SOCOM: Special Forces (SOCOM 4) doesn’t really do anything particularly innovative or interesting. In fact, it’s probably the single most average game I’ve played in years. I guess that’s an achievement of some sort, but probably not the one the developers were going for.

The plot is typical modern-day military thriller guff. As a gruff NATO operations commander known as “OpsCom”, you blast your way through an unnamed – and rebel-strewn – Asian country located somewhere along the economically-important Strait of Malacca. Predictably, everything goes tits up, and by the time the second mission rolls around the fate of the Strait rests squarely on the shoulders of you and your squad: two close-to-mid range British soldiers, and two mid-to-long range Korean soldiers.

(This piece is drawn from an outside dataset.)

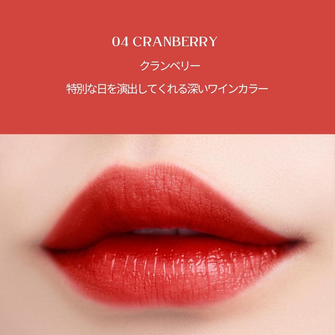■【クランベリーの甘美なカラーで魅力的な唇を演出!】「JUICY LIBTINT」の04 クランベリーは、リッチで深みのあるニュアンスカラーが特徴。デイリーメイクから特別なシーンまで、鮮やかな発色であなたの魅力を引き立てます!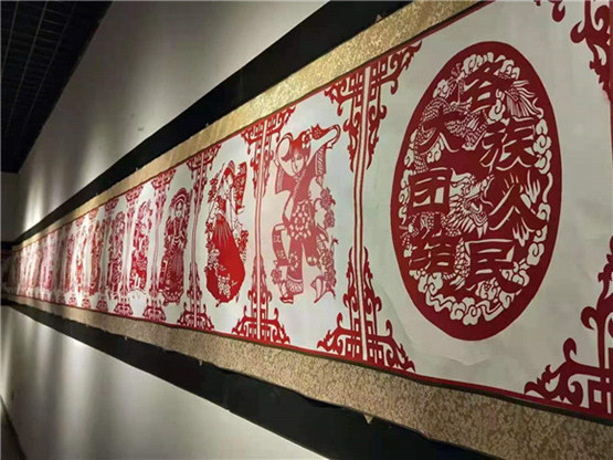 2019年,曾德元就完成了56個民族的構圖,如何快速呈現剪紙作品又需要大量的時間!2020年疫情來襲,在家幾個月就給了我沉下心來完成作品的機會!痹略f,他用了半年將56個民族剪完,所有民族剪紙作品拼接在一起共24米長。

If you’re allergic to clichés you may need to reach for the antihistamines: within the first couple of hours you’ll have heard such gem-studded dialogue as the barked “You’ve got a problem with authority, and that makes you a wildcard. That gets people killed!” That’s far from the only example of dialogue that could’ve been lifted from an action movie about a good cop who doesn’t play by the rules.
In short, if you’re expecting anything new or shocking in terms of plot or characterisation, you’re going to be a tad disappointed. It’s not particularly bad – it’s just… well. Average. The voice-acting is perfectly solid (and there’s a wonderful touch in that most in-mission dialogue was recorded twice, resulting in the lines playing as either a whisper or as an out-of-breath shout based on whether you’re sneaking or running at the time) but the script and overarching plot arc never rise above mediocrity.
It’s the gameplay that counts, though, and this is where things get even more average.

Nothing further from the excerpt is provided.